16 Mar 2015 | 6 min Read
Tanya Khubchandani Vatsa
Author | 28 Articles
It has to be fun to raise a naughty kid who’s able to keep you perpetually entertained. Of course, I say that with only nine months of first-hand experience but with the knowledge that I was naughty as hell as a kid (I can’t vouch that I grew out of it.) However, my mother must have wished this on me – as it’s payback time. My baby is one of those that is just born naughty, and so far, it’s been one giggle of a ride… (Though I can only anticipate how terrible the terrible twos and probably ones and threes will be!) Here are some ways I know I’m in big trouble, and that could help give you a heads up too for naughty baby activities.
A variety of children’s activities can cause temper tantrums, emotional outbursts, and sudden bad or unexpected conduct. These can include biological factors such as hunger or exhaustion. They can also be emotional, such as an inability to cope with or describe their emotions.
There are a few easy ways to follow to assist you to deal with your baby naughty activities. Here are some suggestions for coping with your naughty children’s activities.
Don’t take everything seriously your child says. Set boundaries and don’t place all responsibility for determining what he needs. If he throws tantrums, be firm but gentle, and inform him that such behaviour will not earn him what he wants.
Don’t treat your children differently every day. If you are strict one day and lenient the next, your child will not take you seriously.
Don’t tell your killer everything they should do. Allow their limited freedom to dress or decide how to consume their milk.
Watching cartoons indefinitely can cause agitation in kids that can further cause them to become overstimulated and prone to misbehaviour. As a result, place limits on how long your kids can watch TV or play computer games.

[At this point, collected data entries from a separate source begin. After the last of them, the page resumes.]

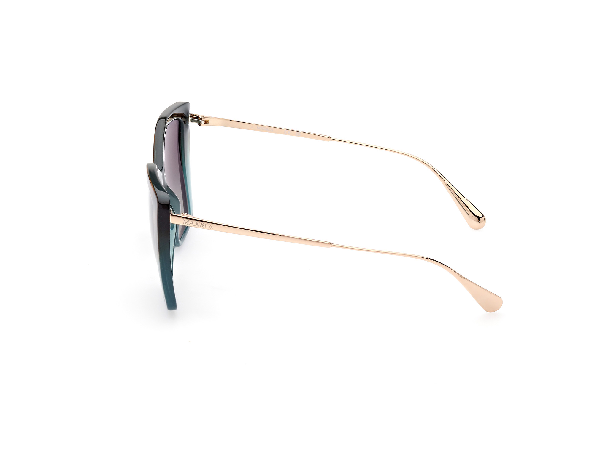 Γυαλιά Ηλίου Max co Γυναικεία κοκκάλινα με καφέ τυρκουάζ σκελετό και πράσινους degrade φακούς.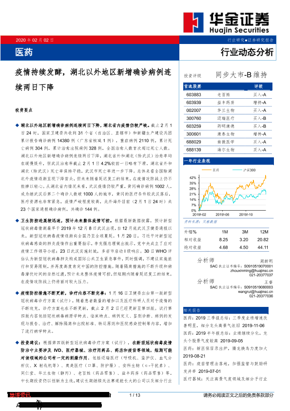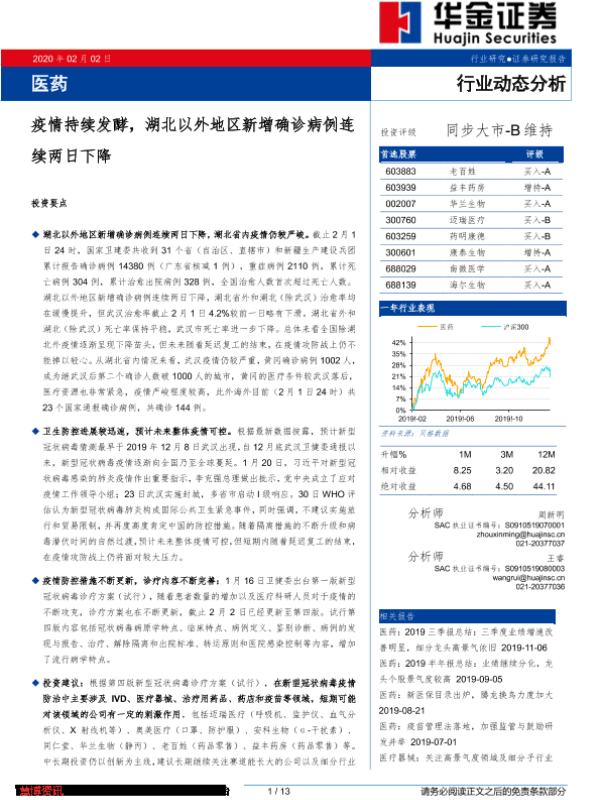 【华金证券】【20200202】医药行业动态分析:疫情持续发酵,湖北以外地区新增确诊病例连续两日下降-13页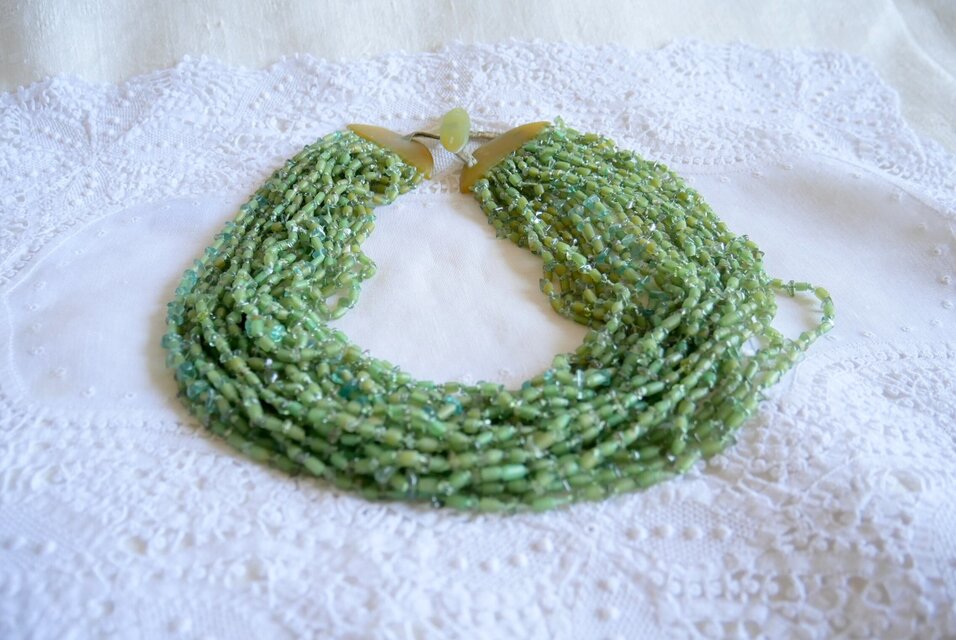 英国【LIBERTY】天然石とビーズを連ねたボリュームあるネックレス

Don’t lose your temper at your child. This is counterproductive because it will temporarily stop his tantrum, but he will learn to imitate you in the future.
17 Naughty things All Babies Do
1. Your baby gets a giggle out of blowing raspberries endlessly. Note: He is the one blowing them on me!
2. You find yourself covered in suspicious hickeys that your spouse didn’t give you.
3. Your little one giggles at his farts because, of course, he knows it’s terrible!
4. Your baby spits (not spit up, I mean projectile spit) when it’s done eating .. on your face!
5. Your little one makes sure that you (and the bathroom) are as wet as they are when you give them a bath (and sitting/ standing outside the tub, mind you.)
6. Chases after your pets just so they can pull their tails, tongues, ears or even skin. (For a while, this was the only thing motivating Riaan to crawl, but don’t worry, there’s no cruelty going on under my roof- Coco has been taught to run away if I’m not able to intercept when that bratty gleam appears in my baby’s eyes.)
7. Your baby’s favourite nursing position (which, of course, they insist on) is not football, cradle or anything you have ever heard of before; it’s rocking back and forth on their belly and taking “sips” at their will. Seriously, I feel like I’m wrestling an alligator.
8. They crawl away or sit up every time you try to nurse them to sleep.
9. Your nose is the preferred teether of choice. (Feels weird without teeth, but it is Chinese torture once those little ones finally come in).
10. They know how to scrunch up their faces so that we think they are about to cry. This fools me no more! But it melts my heart every time.
11. Your little one knows which ear-piercing scream will make you come running every single time and use it to their advantage.
12. They shake their head from side to side or dig their faces into their car seat, your shoulder, or the closest available surface. All to avoid their noses from being cleaned.
13. Your little one makes fake poop sounds so that you stop feeding him and put him down to change his diaper.
14. Once mobile, they can pull things off the wall (like embedded nightlights!) no matter how firmly they are grounded in.
15. They know what no means and may even pause when you say it, but then grin and continue to do whatever they were doing!
16. Your keyboard keys are regularly pulled off! (within seconds while you are trying to put the thing away!)
17. Your little brat won’t sit still for a second! Even storytime is now an on the go activity.
Did I mention this is my almost nine month old? Not even a toddler yet. If you are in as much trouble as me, you have my deepest sympathies, but also a delight as this will be one heck of a joyful ride ahead.
Try to keep in mind that your child may not be as fun if they were quiet and diligent and enjoy every moment of this, no matter what shape it takes.
I’m going to be grateful for small mercies, though, like the fact that he still sleeps in his bed (and not mine), even though I have to be so insistent when he wakes up at night to keep this up. And that I’m burning calories while chasing and even crawling after him. So, these were the primary baby naughty activities that most kids do to their families.
All photographs in this article are original and contributed by the author.